Я расплакалась и, всхлипывая, проговорила:
– Милая крестная, скажите мне, умоляю вас, скажите, моя мама умерла в тот день, когда я родилась?
– Нет, – ответила она. – Не спрашивай меня, дитя.
– Пожалуйста, пожалуйста, расскажите мне что‑нибудь о ней. Расскажите же наконец, милая крестная, пожалуйста, расскажите сейчас. За что она покинула меня? Как я ее потеряла? Почему я так отличаюсь от других детей и как получилось, что я сама в этом виновата, милая крестная? Нет, нет, нет, не уходите! Скажите же мне что‑нибудь!
Меня обуял какой‑то страх, и я в отчаянии уцепилась за ее платье и бросилась перед ней на колени. Она все время твердила: «Пусти меня!» Но вдруг замерла.

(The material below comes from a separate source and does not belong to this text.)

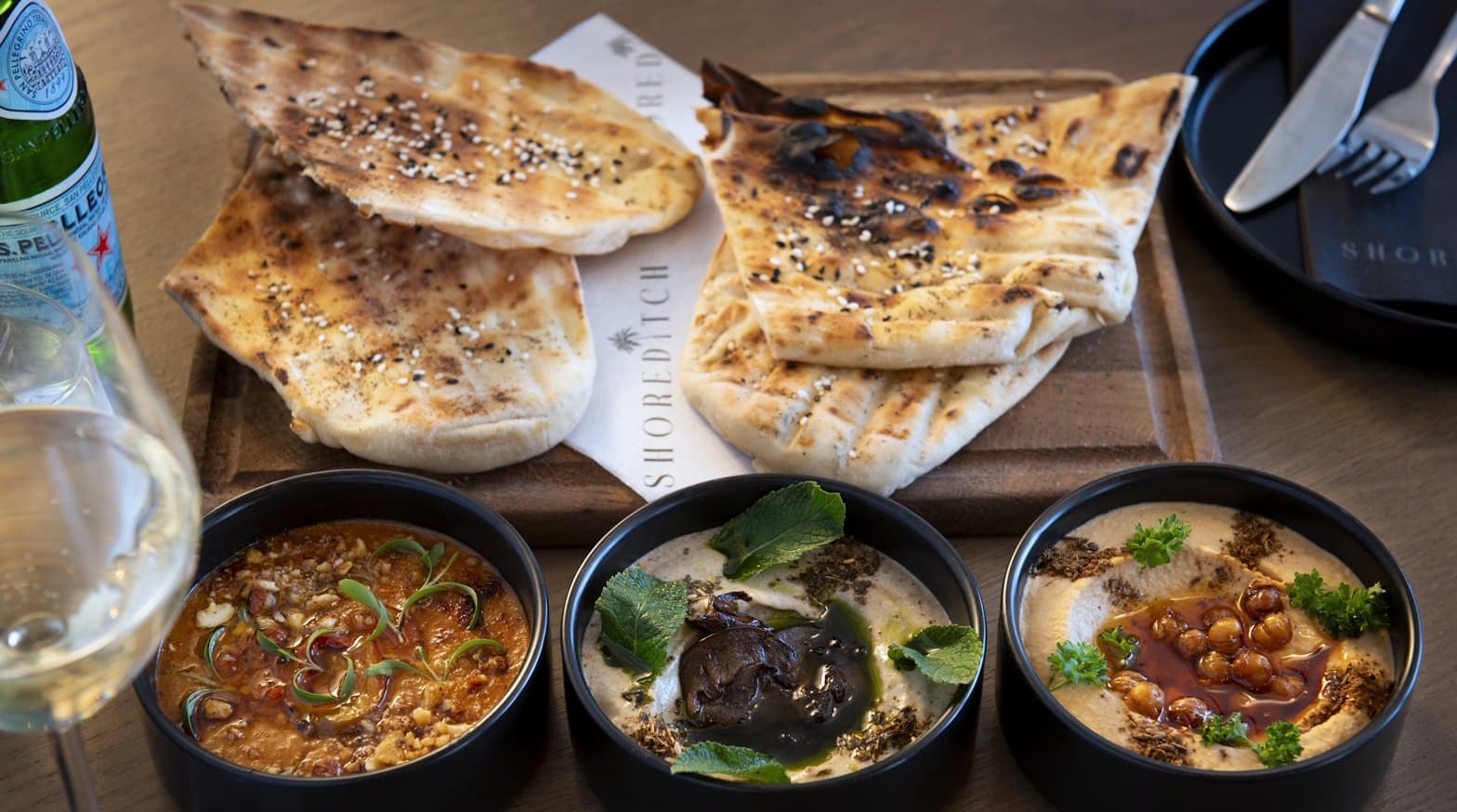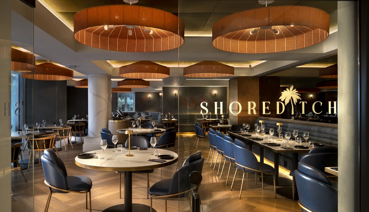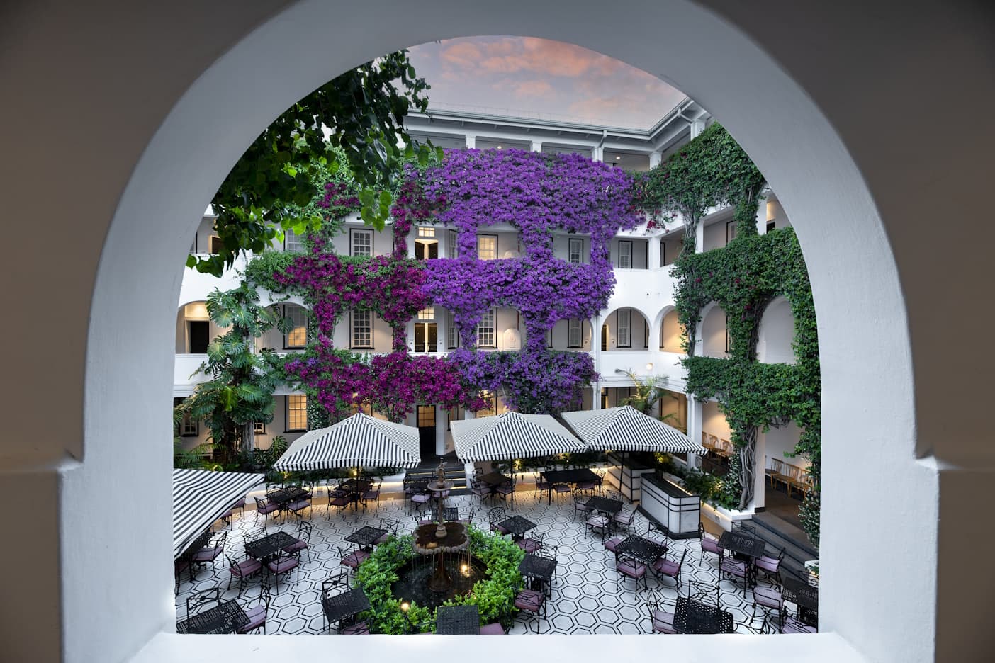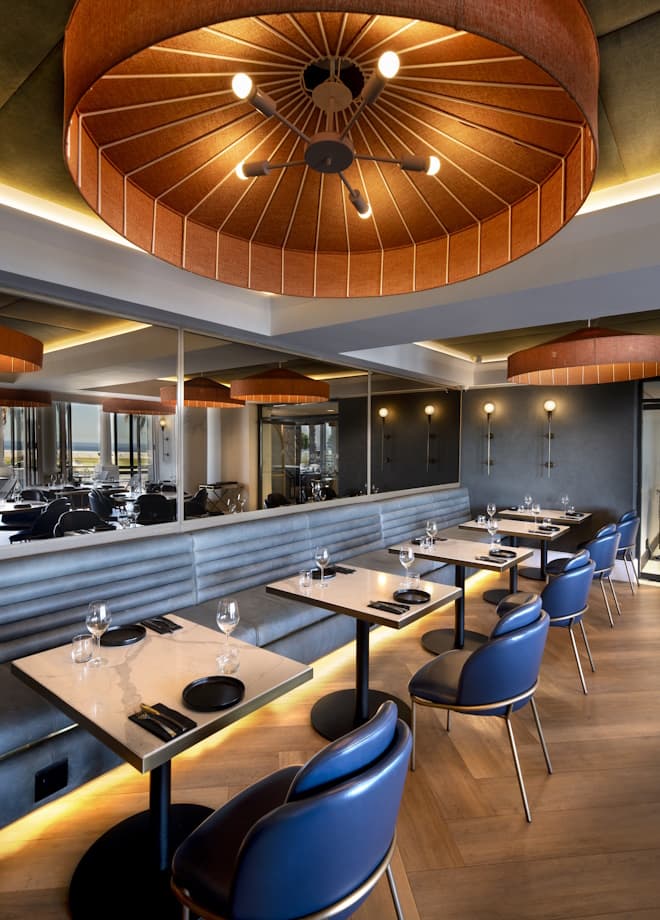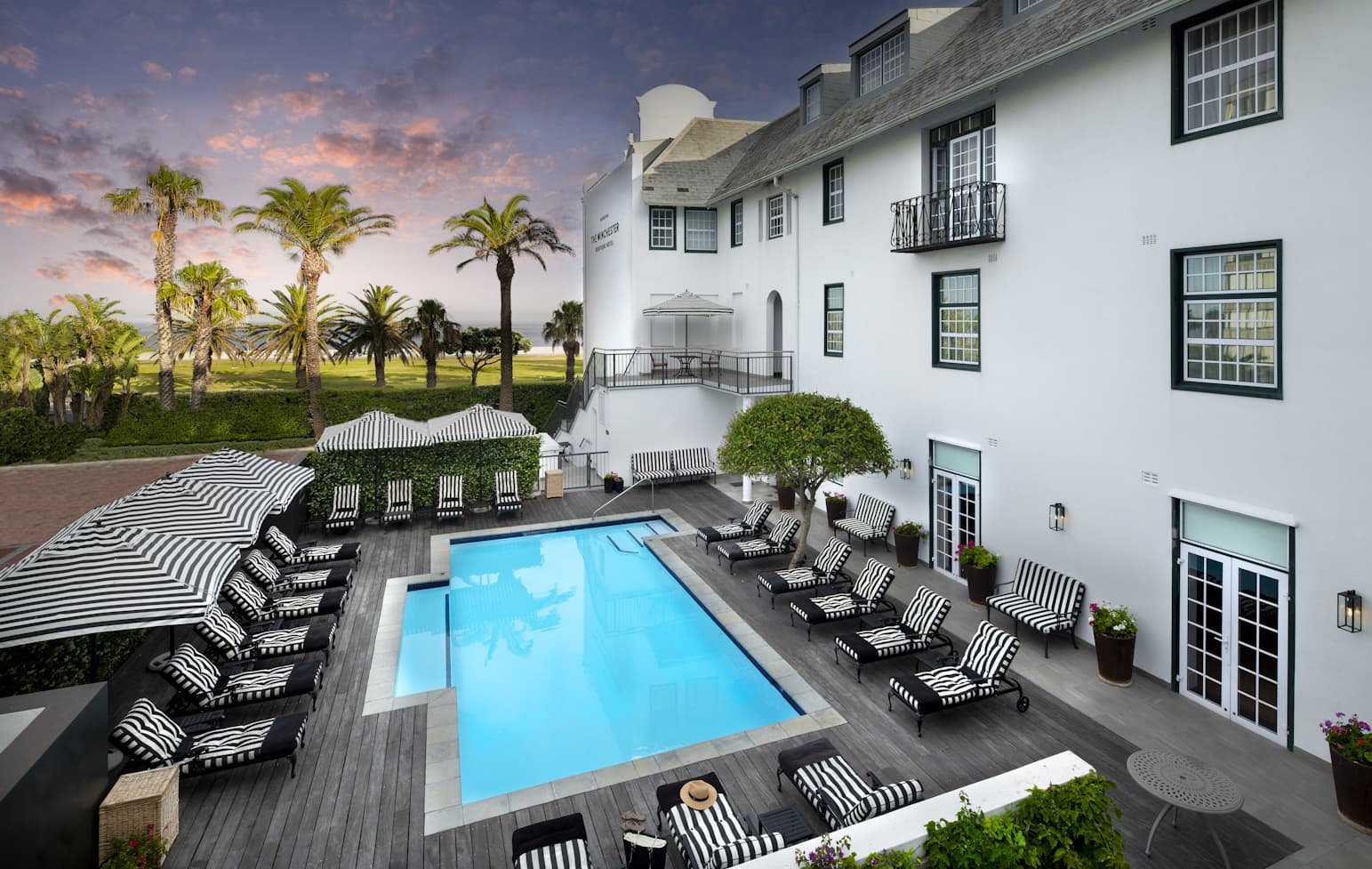 The refurbished Shoreditch Restaurant interior has petrol blue leather booths, charcoal-colored walls and oversized parasol-style lampshades in a vibrant coral hue. These pendant lights add an unexpected twist of color, cocooning each dining space as evening unfolds. French doors open onto the balcony overlooking the Atlantic Ocean where the coastal-colonial feel is reinforced by towering palm trees interspersing the tables. A beautiful marble bar opens from the restaurant onto the Winchester Hotel’s courtyard. This area, with its vivid magenta bougainvillea and monochrome patterned floor tiles, is one of Cape Town’s most Instagramable dining spaces.

Ее потемневшее лицо так поразило меня, что мой порыв угас. Я протянула ей дрожащую ручонку и хотела было от всей души попросить прощения, но крестная так посмотрела на меня, что я отдернула руку и прижала ее к своему трепещущему сердцу. Она подняла меня и, поставив перед собой, села в кресло, потом заговорила медленно, холодным, негромким голосом (я и сейчас вижу, как она, сдвинув брови, показала на меня пальцем):
– Твоя мать покрыла тебя позором, Эстер, а ты навлекла позор на нее. Настанет время – и очень скоро, – когда ты поймешь это лучше, чем теперь, и почувствуешь так, как может чувствовать только женщина. То горе, что она принесла мне, я ей простила, – однако лицо крестной не смягчилось, когда она сказала это, – и я больше не буду о нем говорить, хотя это такое великое горе, какого ты никогда не поймешь… да и никто не поймет, кроме меня, страдалицы. А ты, несчастная девочка, осиротела и была опозорена в тот день, когда родилась – в первый же из этих твоих постыдных дней рождения; так молись каждодневно о том, чтобы чужие грехи не пали на твою голову, как сказано в Писании. Забудь о своей матери, и пусть люди забудут ее и этим окажут величайшую милость ее несчастному ребенку. А теперь уйди.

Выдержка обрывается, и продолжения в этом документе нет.